◆ YOUR INSTRUCTIONS
Images are not part of the copy; transcribe all the data exactly.

◆ GIVEN DATA
··········
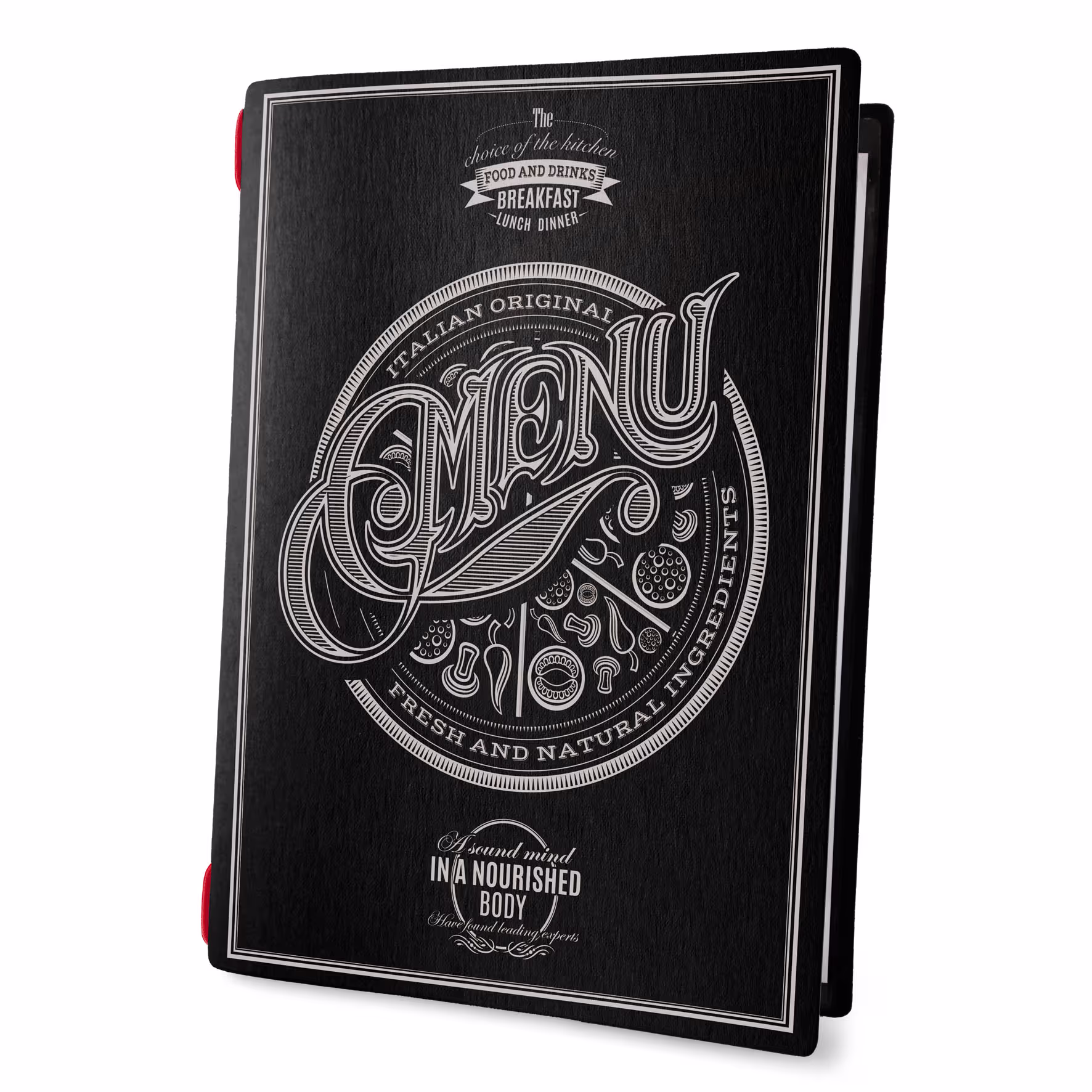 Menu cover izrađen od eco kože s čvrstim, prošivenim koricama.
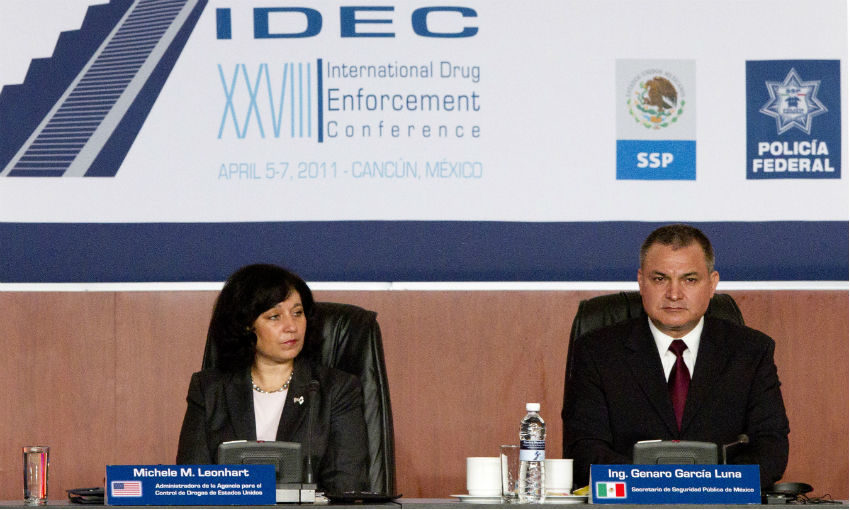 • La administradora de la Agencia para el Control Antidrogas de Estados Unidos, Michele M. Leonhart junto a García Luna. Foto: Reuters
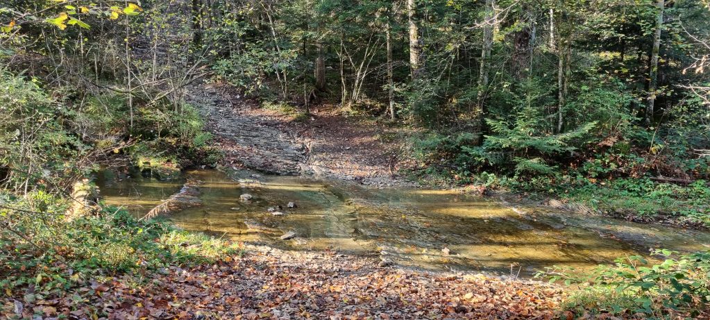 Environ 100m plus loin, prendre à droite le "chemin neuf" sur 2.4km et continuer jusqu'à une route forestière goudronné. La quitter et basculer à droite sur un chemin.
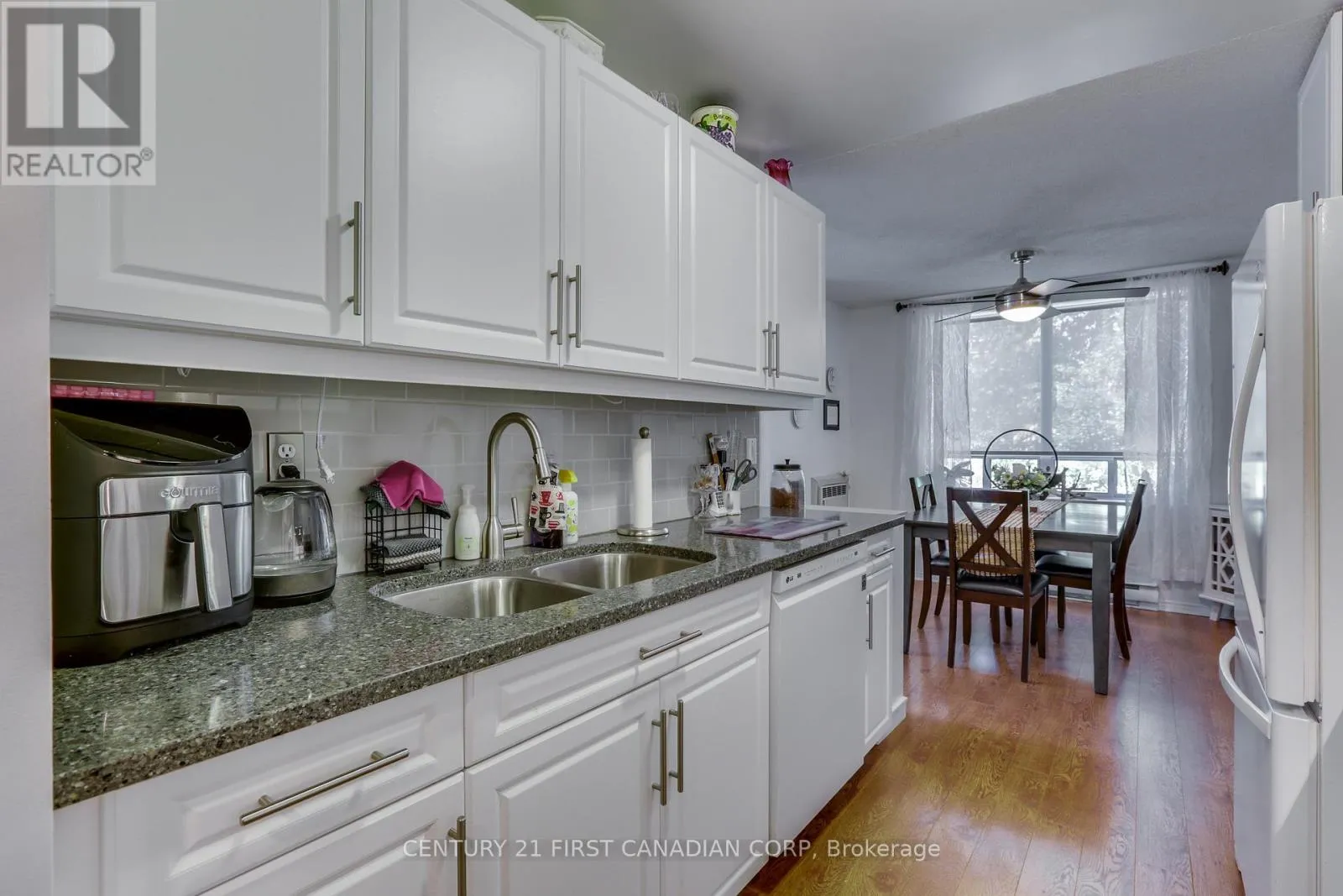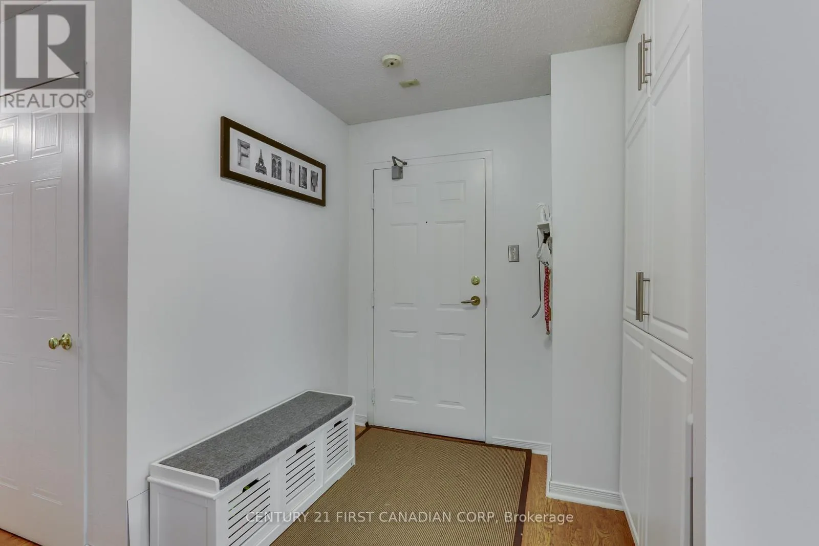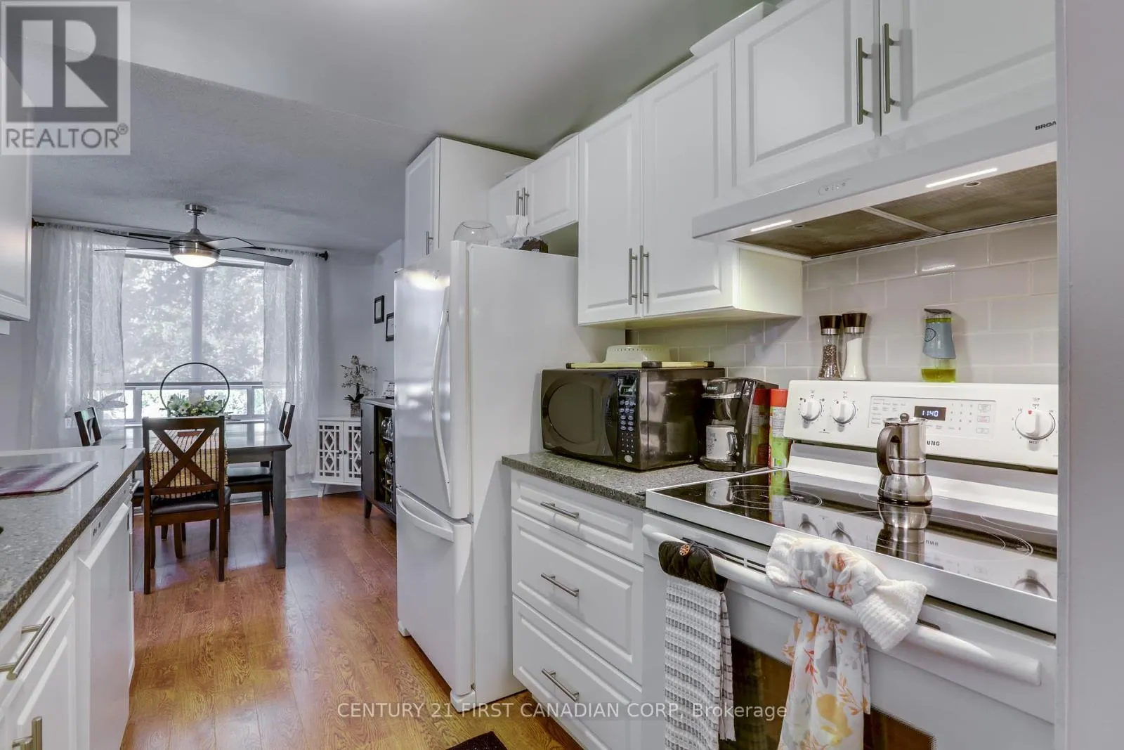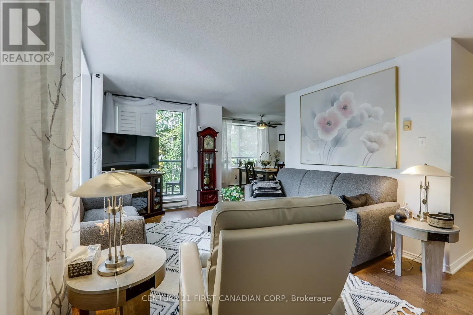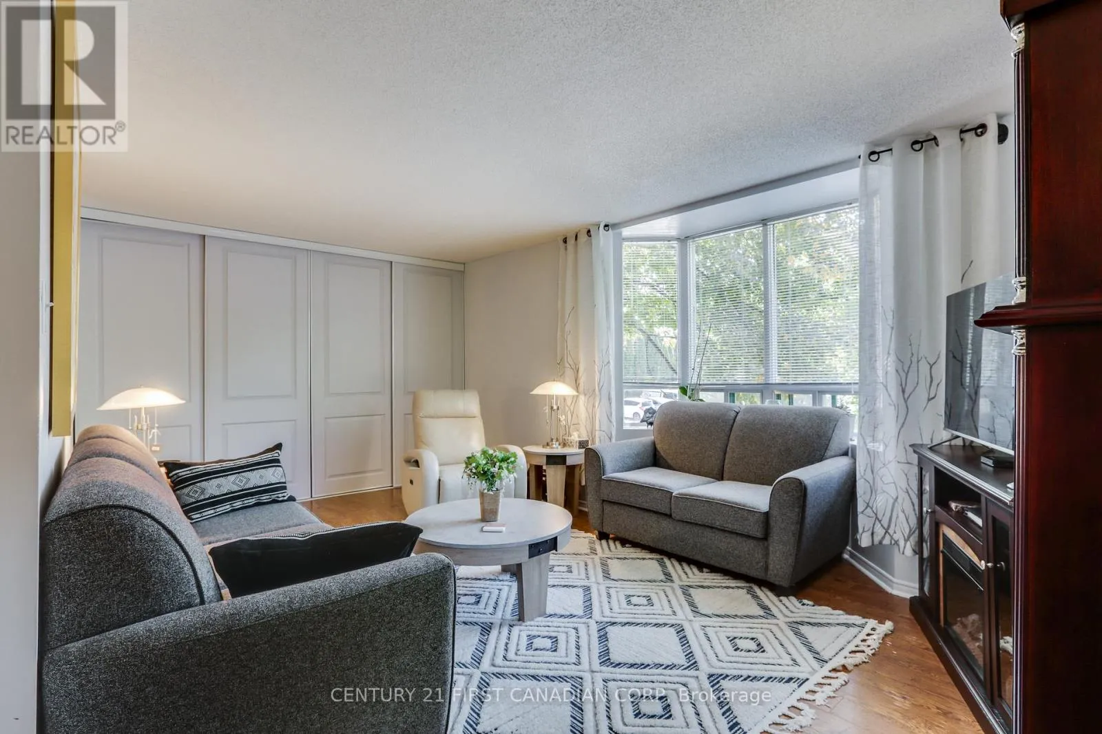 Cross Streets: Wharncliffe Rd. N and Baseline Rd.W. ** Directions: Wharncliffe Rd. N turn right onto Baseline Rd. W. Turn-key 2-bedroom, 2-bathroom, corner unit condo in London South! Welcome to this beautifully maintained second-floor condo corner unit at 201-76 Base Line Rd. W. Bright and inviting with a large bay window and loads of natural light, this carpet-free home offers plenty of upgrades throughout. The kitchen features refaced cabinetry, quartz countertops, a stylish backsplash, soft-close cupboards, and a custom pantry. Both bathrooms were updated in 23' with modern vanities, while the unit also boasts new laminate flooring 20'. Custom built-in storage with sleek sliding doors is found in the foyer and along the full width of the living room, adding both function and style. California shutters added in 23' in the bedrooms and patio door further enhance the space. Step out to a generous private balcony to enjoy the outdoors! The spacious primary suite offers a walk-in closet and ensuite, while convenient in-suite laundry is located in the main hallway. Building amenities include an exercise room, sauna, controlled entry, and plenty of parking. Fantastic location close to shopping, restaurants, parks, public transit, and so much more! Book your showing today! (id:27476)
··········
◆ OUTPUT
 Menu cover izrađen od eco kože s čvrstim, prošivenim koricama.
 • La administradora de la Agencia para el Control Antidrogas de Estados Unidos, Michele M. Leonhart junto a García Luna. Foto: Reuters
 Environ 100m plus loin, prendre à droite le "chemin neuf" sur 2.4km et continuer jusqu'à une route forestière goudronné. La quitter et basculer à droite sur un chemin.
 Cross Streets: Wharncliffe Rd. N and Baseline Rd.W. ** Directions: Wharncliffe Rd. N turn right onto Baseline Rd. W. Turn-key 2-bedroom, 2-bathroom, corner unit condo in London South! Welcome to this beautifully maintained second-floor condo corner unit at 201-76 Base Line Rd. W. Bright and inviting with a large bay window and loads of natural light, this carpet-free home offers plenty of upgrades throughout. The kitchen features refaced cabinetry, quartz countertops, a stylish backsplash, soft-close cupboards, and a custom pantry. Both bathrooms were updated in 23' with modern vanities, while the unit also boasts new laminate flooring 20'. Custom built-in storage with sleek sliding doors is found in the foyer and along the full width of the living room, adding both function and style. California shutters added in 23' in the bedrooms and patio door further enhance the space. Step out to a generous private balcony to enjoy the outdoors! The spacious primary suite offers a walk-in closet and ensuite, while convenient in-suite laundry is located in the main hallway. Building amenities include an exercise room, sauna, controlled entry, and plenty of parking. Fantastic location close to shopping, restaurants, parks, public transit, and so much more! Book your showing today! (id:27476)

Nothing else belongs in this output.